» Supplied data:
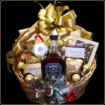 Novogodišnji poklon Single Barrel je snažna praznična korpa namenjena muškarcu koji zna šta voli. U njenom centru nalazi se prestižni Jack Daniels Single Barrel viski, okružen izborom luksuznih čokolada Lindt, Ferrero, Anthon Berg i Premier. Ručno aranžirana i dekorisana u prazničnom duhu, ova korpa donosi emociju, eleganciju i nezaboravan utisak.
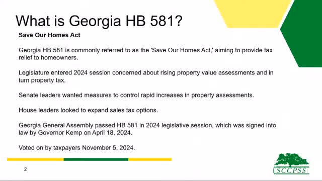 Savannah-Chatham board debates whether to opt into state’s HB 581 homestead exemption; leans toward keeping local Stevens Day law
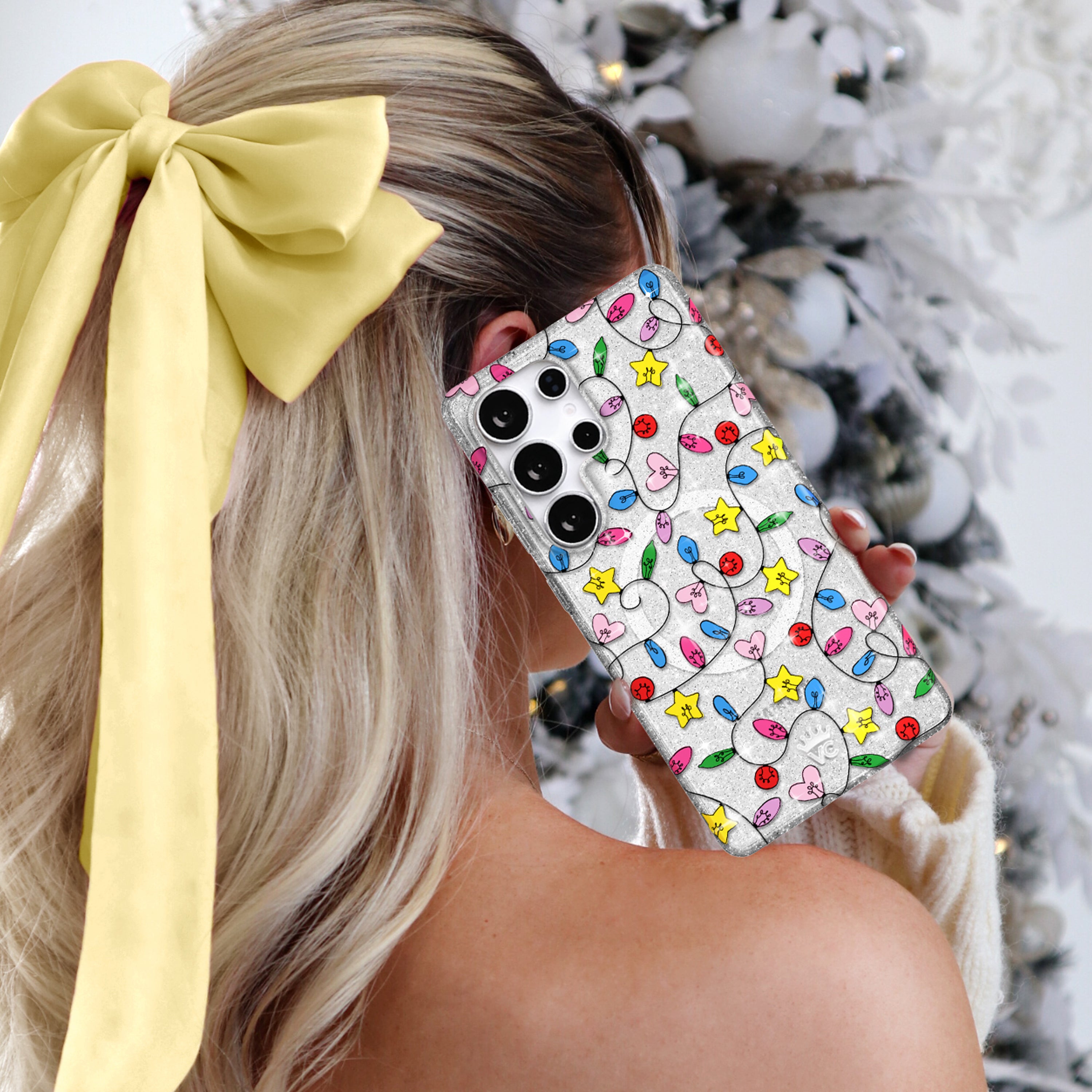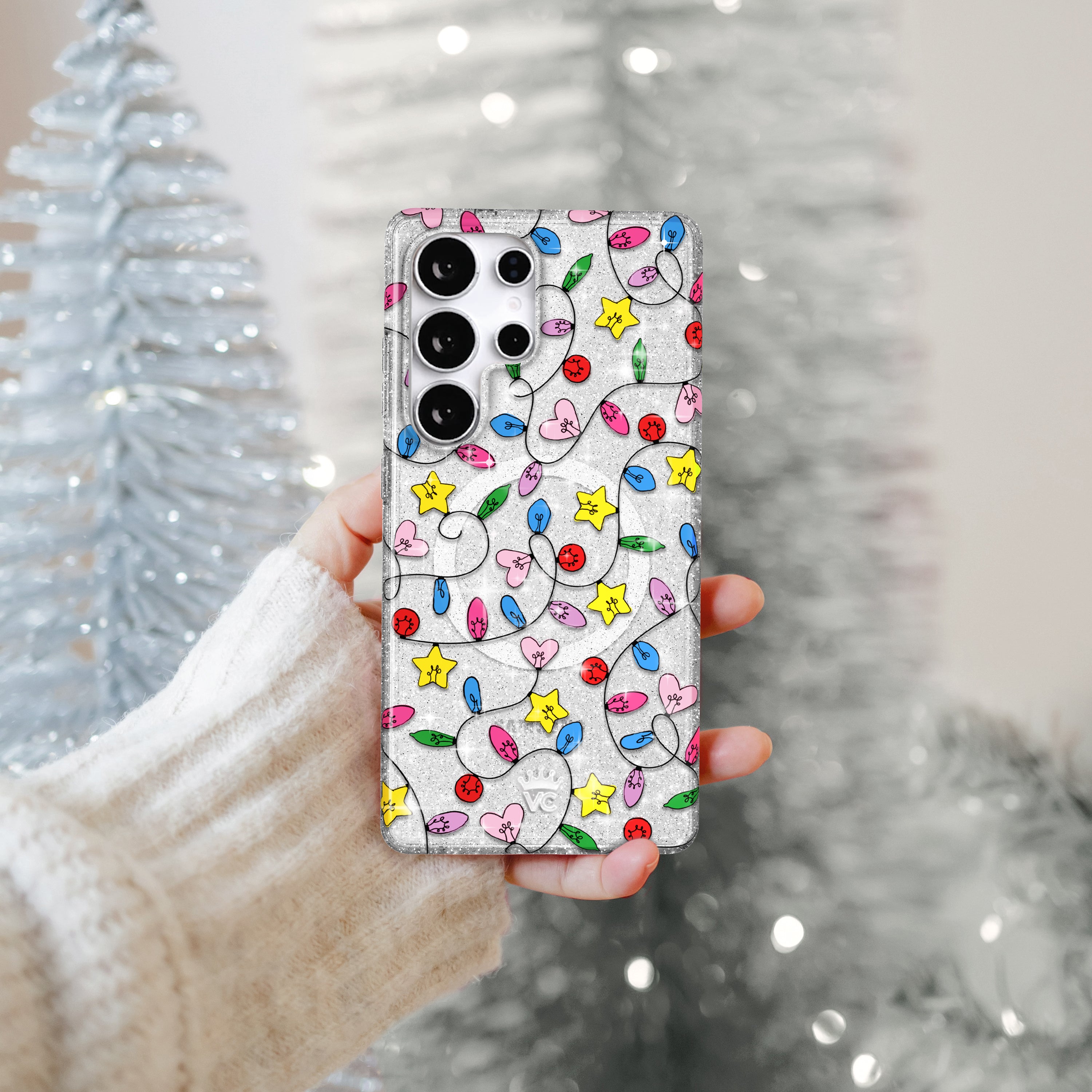 Happy Holidays! This protective case features vintage holiday string lights on a clear case with silver glitter sprinkled throughout the base and bumper. This case is part of our Limited Edition Holiday Dreams collection celebrating Christmas and Hanukkah.

» What to do: Each line from the one that holds "Savannah-Chatham board debates" through the final line of the data must be retyped exactly; the pictures must not appear.

» Problem solution:
 Savannah-Chatham board debates whether to opt into state’s HB 581 homestead exemption; leans toward keeping local Stevens Day law
 Happy Holidays! This protective case features vintage holiday string lights on a clear case with silver glitter sprinkled throughout the base and bumper. This case is part of our Limited Edition Holiday Dreams collection celebrating Christmas and Hanukkah.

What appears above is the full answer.